Answer in Mechanics | Relativity for Sridhar #87356

Question #87356

a ring and a disc of same mass roll without slipping along a horizontal surface with same velocity. if the kinetic energy of ring is 8J then that of disc is

ans:6J

Expert's answer

The ring and the disc which are rolling without slipping take part both the translational and rotational movements simultaneously, therefore their full kinetic energy is

W=\frac{M{{v}^{2}}}{2}+\frac{J{{\omega }^{2}}}{2}

where

\frac{M{{v}^{2}}}{2}={{W}_{T}}

is the Translational Kinetic Energy

\frac{J{{\omega }^{2}}}{2}={{W}_{R}}

is the Rotational Kinetic Energy, M is the mass, v is the velocity, J is the moment of inertia, ω is the angular velocity.

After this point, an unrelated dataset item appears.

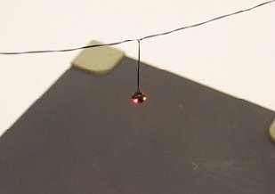 Note: Video files require time to download, please be patient. The photos below are of our little N-scale intersection diorama. Hanging above the intersection is a traffic signal (4 LEDs wired in series) with 2 yellows for Caution and 2 reds for Stop. The 4-LED signal is powered by our N8012 Signal Flasher. Just click on either photo to run a video of the signal in operation.

The moments of inertia of the ring and the disc with radii R_rand R_d are

J=MR_{r}^{2},\,\,J=\frac{MR_{d}^{2}}{2}

respectively.

Then the Kinetic Energy of the ring W_r is

{{W}_{r}}=\frac{M{{v}^{2}}}{2}+\frac{MR_{r}^{2}\omega _{r}^{2}}{2}

When rotating without slipping we have

{{R}_{r}}{{\omega }_{r}}={{v}_{r}}=v

Then

{{W}_{r}}=\frac{M{{v}^{2}}}{2}+\frac{M{{v}^{2}}}{2}=M{{v}^{2}}=8J

The Kinetic Energy of the disc W_d is

{{W}_{r}}=\frac{M{{v}^{2}}}{2}+\frac{MR_{d}^{2}\omega _{d}^{2}}{4}=\frac{M{{v}^{2}}}{2}+\frac{M{{v}^{2}}}{4}=\frac{3M{{v}^{2}}}{4}

Since

M{{v}^{2}}=8J

then

{{W}_{r}}=\frac{3M{{v}^{2}}}{4}=\frac{3}{4}\cdot 8=6J

Thus, the Kinetic Energy of disc is 6J.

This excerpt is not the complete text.